Im vorliegenden Verfahren begehrt die Antragstellerin gerichtlichen Rechtsschutz durch Aussetzung der Vollziehung.

Zwischen den Beteiligten ist streitig, ob für die Ermittlung des Grundbesitzwertes im Hinblick auf die Begrenzung des Höchstwerts nach § 16 des Bewertungsgesetzes - BewG - ein förmliches Feststellungsverfahren durchgeführt werden muss.

Dem Streitfall liegt folgender Sachverhalt zugrunde:

Die am 19.12.1941 geborene verwitwete Antragstellerin lebte mit Herrn X zusammen.

Am 19.02.2001 wurde ein Vertrag über die Einräumung eines Wohnrechts notariell beurkundet.

Nach dessen § 2 räumte Herr X der Antragstellerin an allen Räumen in der ersten Etage seines Hauses W-Str. 10 in K-Stadt - im Grundbuch als „Hof- und Gebäudefläche” verzeichnet - eine beschränkt persönliche Dienstbarkeit (mietfreies Wohnrecht) sowie das alleinige Nutzungsrecht an Speicher und einer Garage (rechte Seite der Doppelgarage) ein, beginnend mit dem Tag seines Todes und unter der Bedingung, dass die zwischen den Vertragsparteien bestehende Lebensgemeinschaft an seinem Todestag noch besteht.
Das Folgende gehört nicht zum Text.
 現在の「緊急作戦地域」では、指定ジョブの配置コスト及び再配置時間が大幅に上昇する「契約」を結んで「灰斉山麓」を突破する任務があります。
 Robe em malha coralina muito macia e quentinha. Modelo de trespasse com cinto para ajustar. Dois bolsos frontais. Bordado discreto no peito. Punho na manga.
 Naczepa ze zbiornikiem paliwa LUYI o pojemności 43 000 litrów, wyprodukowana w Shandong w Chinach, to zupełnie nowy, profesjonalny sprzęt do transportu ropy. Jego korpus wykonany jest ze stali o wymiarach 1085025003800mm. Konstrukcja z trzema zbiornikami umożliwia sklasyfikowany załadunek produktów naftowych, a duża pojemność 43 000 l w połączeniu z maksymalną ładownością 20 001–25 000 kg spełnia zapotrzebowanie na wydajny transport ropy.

Das Wohnrecht sollte enden, wenn die Antragstellerin in einem Alten- und/oder Pflegeheim einzieht, bei einer Heirat oder Eingehung einer Partnerschaft mit einem neuen Lebensgefährten oder bei Auflösung der zwischen den Vertragsparteien bestehenden Lebensgemeinschaft aus anderen Gründen als durch Tod.

Am 23.02.2003 verstarb Herr X.

Das Grundstück in K-Stadt ging durch Erwerb von Todes wegen auf eine Verwandte des Erblassers über.

Die am 22.08.2003 beim FA eingegangene vereinfachte Erbschaftsteuererklärung der Antragstellerin vom 05.08.2003 enthielt folgende Angaben:

Unter der Position 4. „Höhe der Zuwendungen” ist bei „Sonstige Erwerbe” angegeben:

Wohnrecht bzw. Nießbrauch W-Str. 10…1. Etage, eingetragen im Grundbuch ...”

Eine Wertangabe fehlt.

In der Akte findet sich keine an die Antragstellerin gerichtete Anfrage nach dem Wert des Wohnrechts.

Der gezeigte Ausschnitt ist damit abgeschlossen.